Some interns fetch coffee. Others… bite their colleagues.
When a summer intern started at the prestigious Sidley Austin law firm in New York, she made quite an impression, by biting another employee.
But despite her strong chomp, she didn’t get fired. Not after the first bite. Not after the second. Not even after the third or fourth. It took five separate bite victims before the firm finally let her go.
According to Inc. magazine, the hesitation was because she was “otherwise personable” and there was “reluctance to elevate the matter.” Which is corporate-speak for, “We really didn’t want to deal with it.”
Now, unless her official title was Junior Vampire Associate, this is absurd. Even employment attorney Dan Schwartz weighed in, noting that even if the biting was tied to a disability, “The ADA does not protect an employee at the expense of another employee.”
Psychological safety disappears the moment you tolerate harmful behavior, even when the harm isn’t physical.
In Dance Floor Theory, we know that engagement only thrives when people feel safe. If someone thinks they might get “bitten”, literally or figuratively, they’ll retreat down the Engagement Pyramid fast.
The physical biter in this story is extreme, but in most workplaces, the more common culprit is the Negative Nelly.
A Negative Nelly is that person who constantly complains, shoots down new ideas, and drips cynicism into every conversation. They may not leave visible marks, but they take bites out of morale, trust, and enthusiasm. And just like the biting intern, their damage compounds every day leadership avoids addressing it.

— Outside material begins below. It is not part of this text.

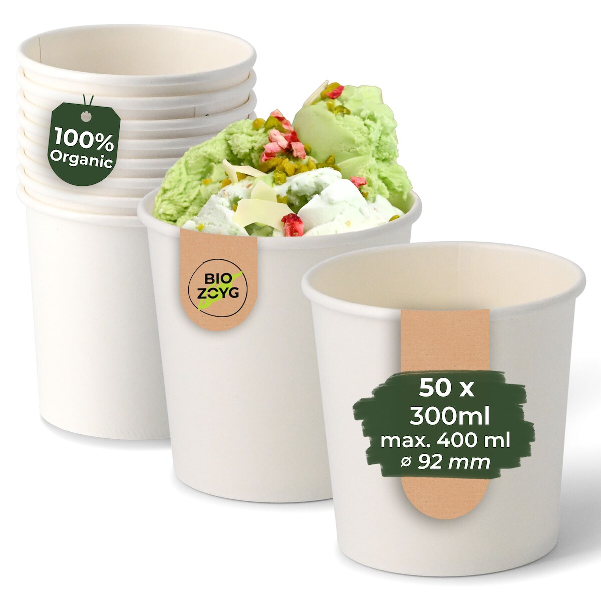 BIOZOYG 50 Stück Eisbecher Pappe 300 ml weiß - umweltfreundlich, recycelbar, plastikfrei - Joghurtbecher, Papierbecher

When leaders keep a Negative Nelly around because they’re “otherwise good at their job,” they’re making a dangerous trade of short-term comfort for long-term engagement loss. Everyone else sees it. And everyone else adjusts their trust, their openness, and their willingness to contribute accordingly.
Action Steps: How to Handle a Negative Nelly Before They Sink the Room
- Spot the signs early – Look for patterns of constant criticism, idea-killing, or undermining others.
- Address the impact, not just the attitude – Explain how their behavior affects the team’s ability to feel safe and contribute.
- Offer a clear path forward – Give them a chance to shift by outlining specific, measurable behavior changes.
- Follow through consistently – If they refuse to change, remove them. Protecting the group’s psychological safety has to come first.
The biting intern’s victims had something in common with teams stuck with a Negative Nelly in that they didn’t feel safe.
A healthy, engaged workplace isn’t just about keeping people in the room. It’s about protecting the room from behaviors that erode trust.
So if you’ve got a Negative Nelly taking a bite out of your team’s energy, don’t wait for a fifth “victim.” Address it early, address it directly, and protect the space where engagement can thrive.